### Task prompt
A faithful copy is needed of the lines below from the one with "Pupe : la couleur" up to and including the one with "心理咨询中心主任姚斌老师作为"; set it down with no pictures and no other lines.

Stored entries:
▶

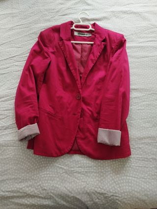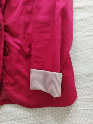 Se vende americana color fuscia con dos botones delanteros. Queda entallada. Muy mona para poner con vaquero, pantalón claro u oscuro. Forro de rayas que se puede poner visto en la manga Entrega en mano en A Coruña. El comprador deberá recogerlo. Hago envíos. Gastos no incluidos a cargo del comprador
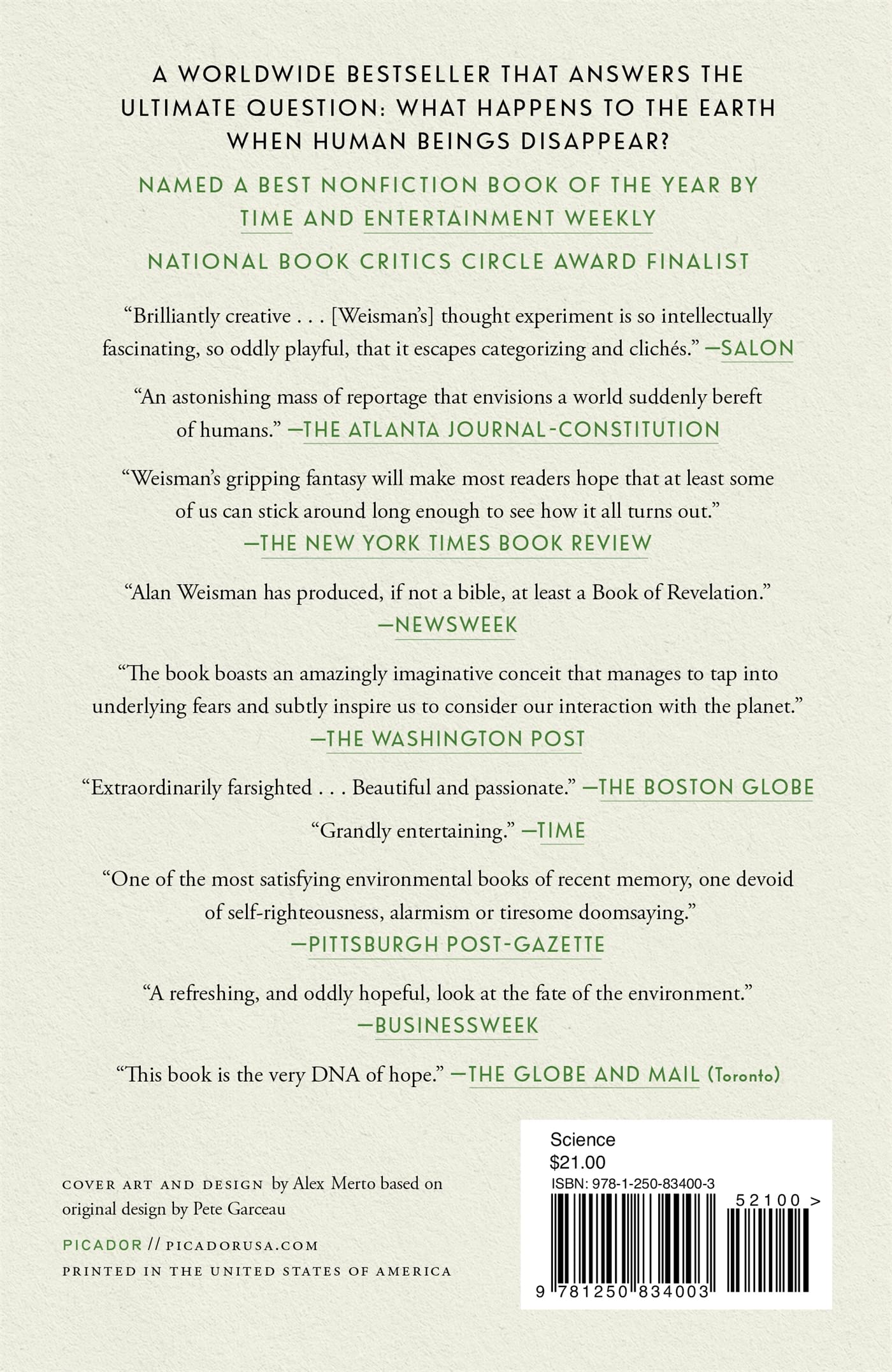 Weisman reveals Earth's tremendous capacity for self-healing and shows which human devastations are indelible and what of our highest art and culture would endure longest. Ultimately reaching a radical but persuasive solution to our planet's problems - one that needn't depend on our demise - this is narrative nonfiction at its finest, taking on an irresistible concept with gravity but a highly accessible touch.
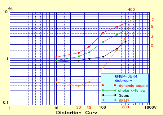 この条件で300Vrms出力時の歪率が最小になるようにすると、6EM7のプレート電圧が96Vので最適な状態となりました。
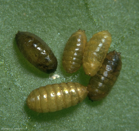 Pupe : la couleur varie entre ocre et marron foncé, ou parfois noir Elle mesure environ 0,9 - 2 mm (figures 5, 5 et 6).
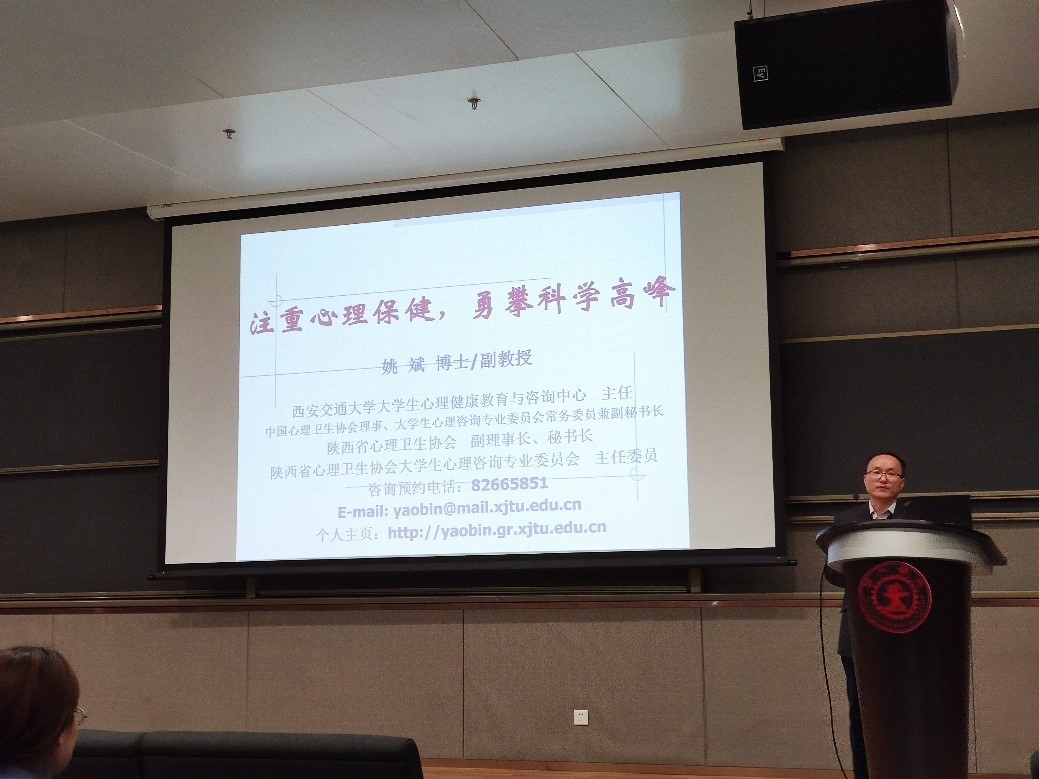 心理咨询中心主任姚斌老师作为主讲人,讲座题目为《注重心理保健,勇攀科学高峰》。本次讲座旨在向广大研究生宣传普及心理健康知识,全方位加强研究生心理健康教育。
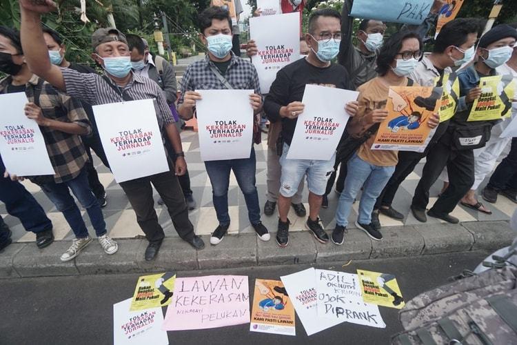 SURABAYA - Aliansi Anti Kekerasan Terhadap Jurnalis yang terdiri dari Aliansi Jurnalis Independen (AJI) Surabaya, Kontras, LBH Pers, dan LBH Lentera, mendesak agar polisi mengusut dan mengungkap
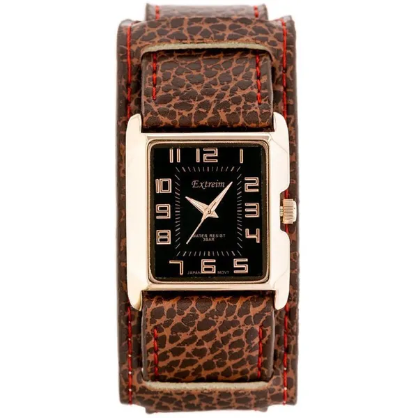• Női кварc karóra téglalap alakú fekete számlappal, barna szíjjal
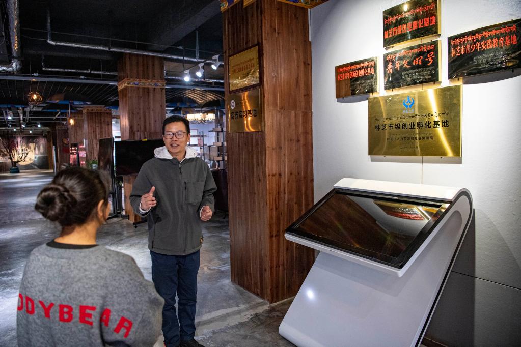 在林芝逐夢(mèng)眾創(chuàng)產(chǎn)業(yè)園,陸錦華正在向?qū)嵙?xí)生介紹情況(4月2日攝)。新華社記者 孫非 攝
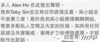 “本人Alex ho在此发出声明,我和Toby sin并没有任何感情瓜葛,吴若希并不是第三者。基于我和吴若希的感情刚刚开始,需要多点私人空间和大家的祝福,如再有任何诽谤及失实报道,会将此交给律师处理。”
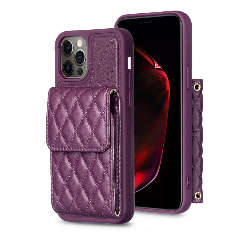 Funda para Teléfono iPhone 13 Pro Vertical Wallet Rhombic Cuero (Púrpura Oscuro)
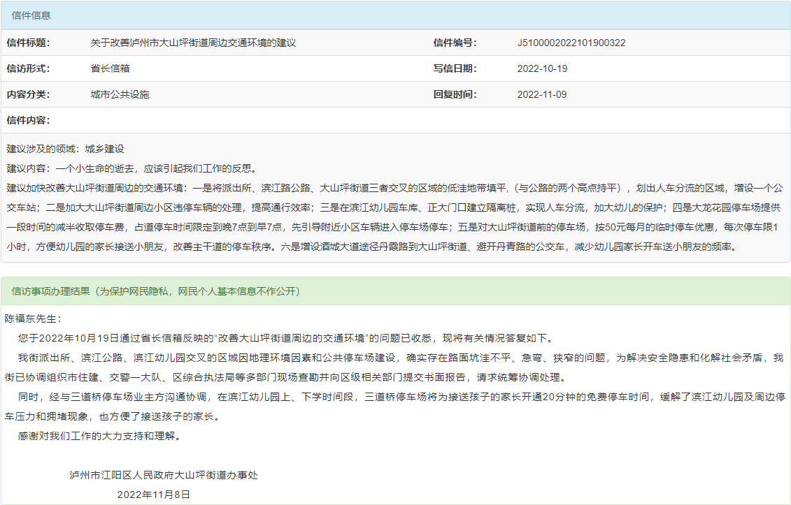 关于改善泸州市大山坪街道周边交通环境的建议

◀

### Response box
 Pupe : la couleur varie entre ocre et marron foncé, ou parfois noir Elle mesure environ 0,9 - 2 mm (figures 5, 5 et 6).
 心理咨询中心主任姚斌老师作为主讲人,讲座题目为《注重心理保健,勇攀科学高峰》。本次讲座旨在向广大研究生宣传普及心理健康知识,全方位加强研究生心理健康教育。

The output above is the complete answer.